# TASK INSTRUCTIONS
Using the data below, transcribe exactly everything from the line that contains "Philips TAM3205M2 mikrosystem" down to the line that contains "调和气血,改善循环药材:丹参". Include both of those lines and none of the pictures.

# DATA LISTING
--- --- ---
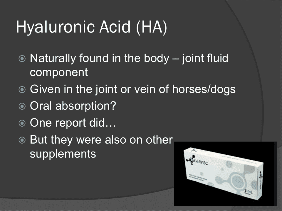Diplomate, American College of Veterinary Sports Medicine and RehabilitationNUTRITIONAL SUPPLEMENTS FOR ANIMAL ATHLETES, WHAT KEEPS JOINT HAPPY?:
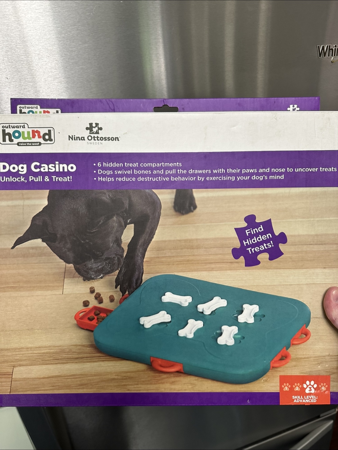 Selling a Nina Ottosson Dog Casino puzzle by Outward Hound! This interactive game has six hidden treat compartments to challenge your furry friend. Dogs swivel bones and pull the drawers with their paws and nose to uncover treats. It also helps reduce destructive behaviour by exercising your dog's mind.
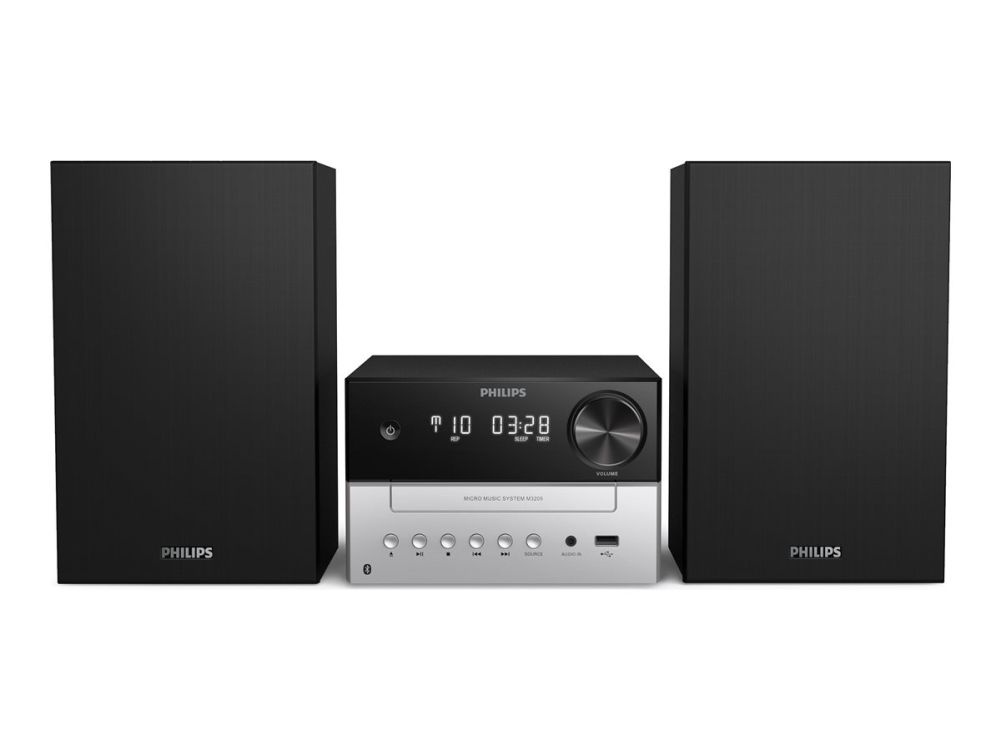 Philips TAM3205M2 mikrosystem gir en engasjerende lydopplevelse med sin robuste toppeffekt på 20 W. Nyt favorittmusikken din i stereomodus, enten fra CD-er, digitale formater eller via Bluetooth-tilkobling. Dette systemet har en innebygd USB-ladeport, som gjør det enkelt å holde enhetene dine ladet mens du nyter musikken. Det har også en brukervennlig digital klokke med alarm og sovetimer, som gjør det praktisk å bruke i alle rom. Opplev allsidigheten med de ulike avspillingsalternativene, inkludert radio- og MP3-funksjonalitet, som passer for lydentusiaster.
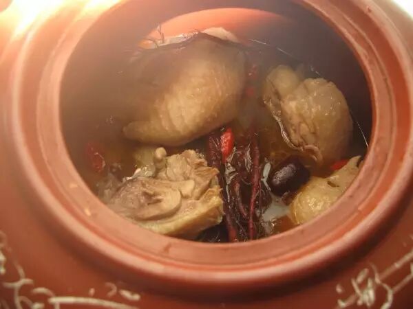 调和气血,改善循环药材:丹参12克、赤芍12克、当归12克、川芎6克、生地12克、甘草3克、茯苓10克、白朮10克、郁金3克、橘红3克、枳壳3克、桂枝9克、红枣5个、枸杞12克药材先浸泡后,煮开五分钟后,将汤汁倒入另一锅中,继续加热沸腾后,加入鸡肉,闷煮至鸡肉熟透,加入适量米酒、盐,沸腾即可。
--- --- ---
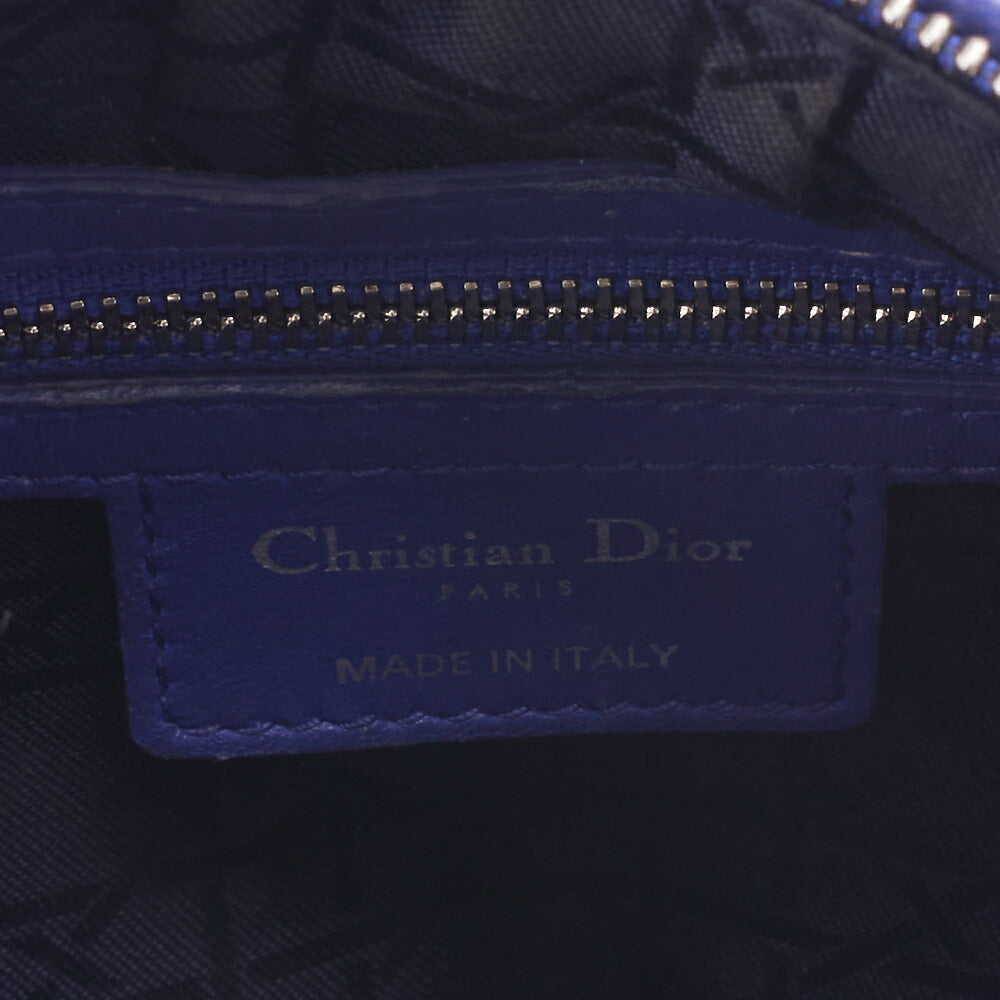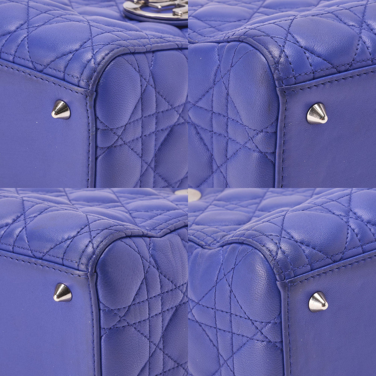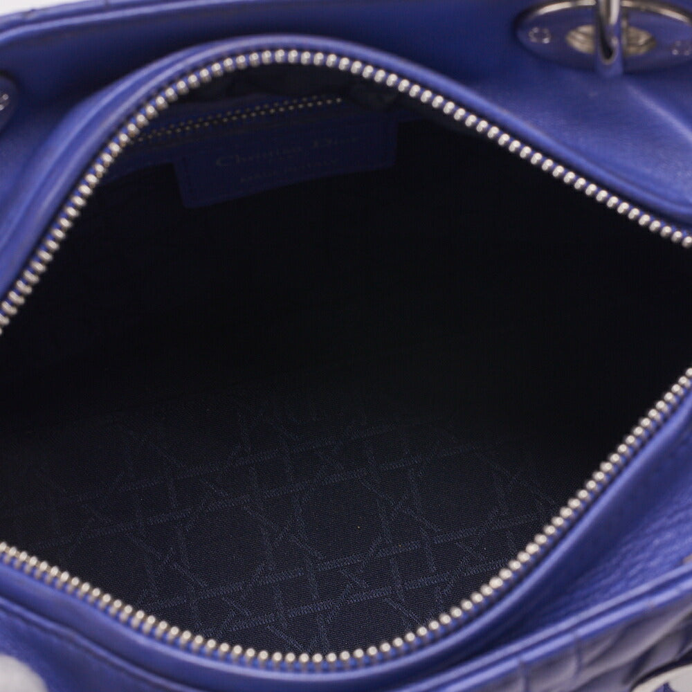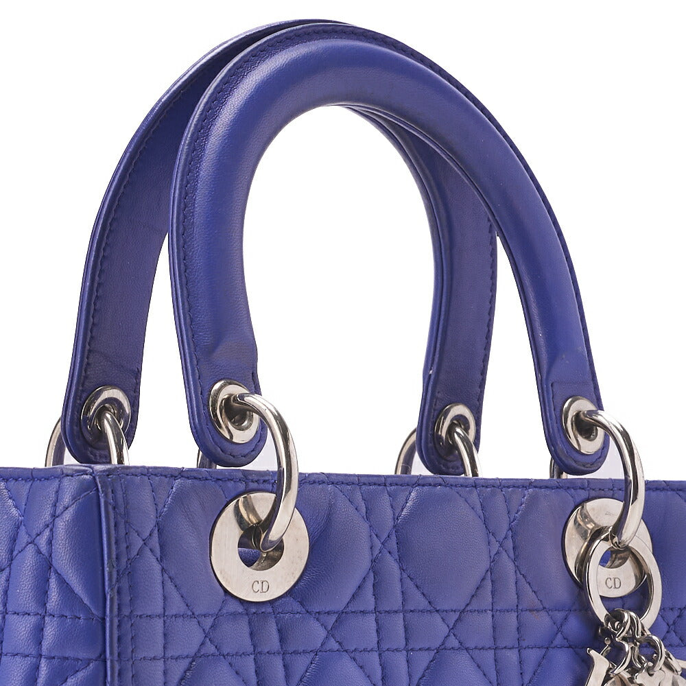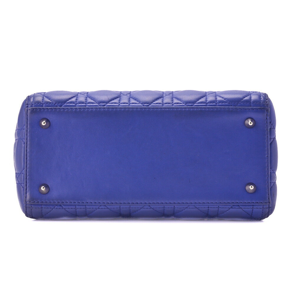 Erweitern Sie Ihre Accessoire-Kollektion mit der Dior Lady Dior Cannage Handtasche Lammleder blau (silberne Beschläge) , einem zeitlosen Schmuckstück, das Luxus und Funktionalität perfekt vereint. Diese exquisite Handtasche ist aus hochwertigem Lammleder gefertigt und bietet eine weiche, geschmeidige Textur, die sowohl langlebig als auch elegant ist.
--- --- ---
# WORKED SOLUTION
 Philips TAM3205M2 mikrosystem gir en engasjerende lydopplevelse med sin robuste toppeffekt på 20 W. Nyt favorittmusikken din i stereomodus, enten fra CD-er, digitale formater eller via Bluetooth-tilkobling. Dette systemet har en innebygd USB-ladeport, som gjør det enkelt å holde enhetene dine ladet mens du nyter musikken. Det har også en brukervennlig digital klokke med alarm og sovetimer, som gjør det praktisk å bruke i alle rom. Opplev allsidigheten med de ulike avspillingsalternativene, inkludert radio- og MP3-funksjonalitet, som passer for lydentusiaster.
 调和气血,改善循环药材:丹参12克、赤芍12克、当归12克、川芎6克、生地12克、甘草3克、茯苓10克、白朮10克、郁金3克、橘红3克、枳壳3克、桂枝9克、红枣5个、枸杞12克药材先浸泡后,煮开五分钟后,将汤汁倒入另一锅中,继续加热沸腾后,加入鸡肉,闷煮至鸡肉熟透,加入适量米酒、盐,沸腾即可。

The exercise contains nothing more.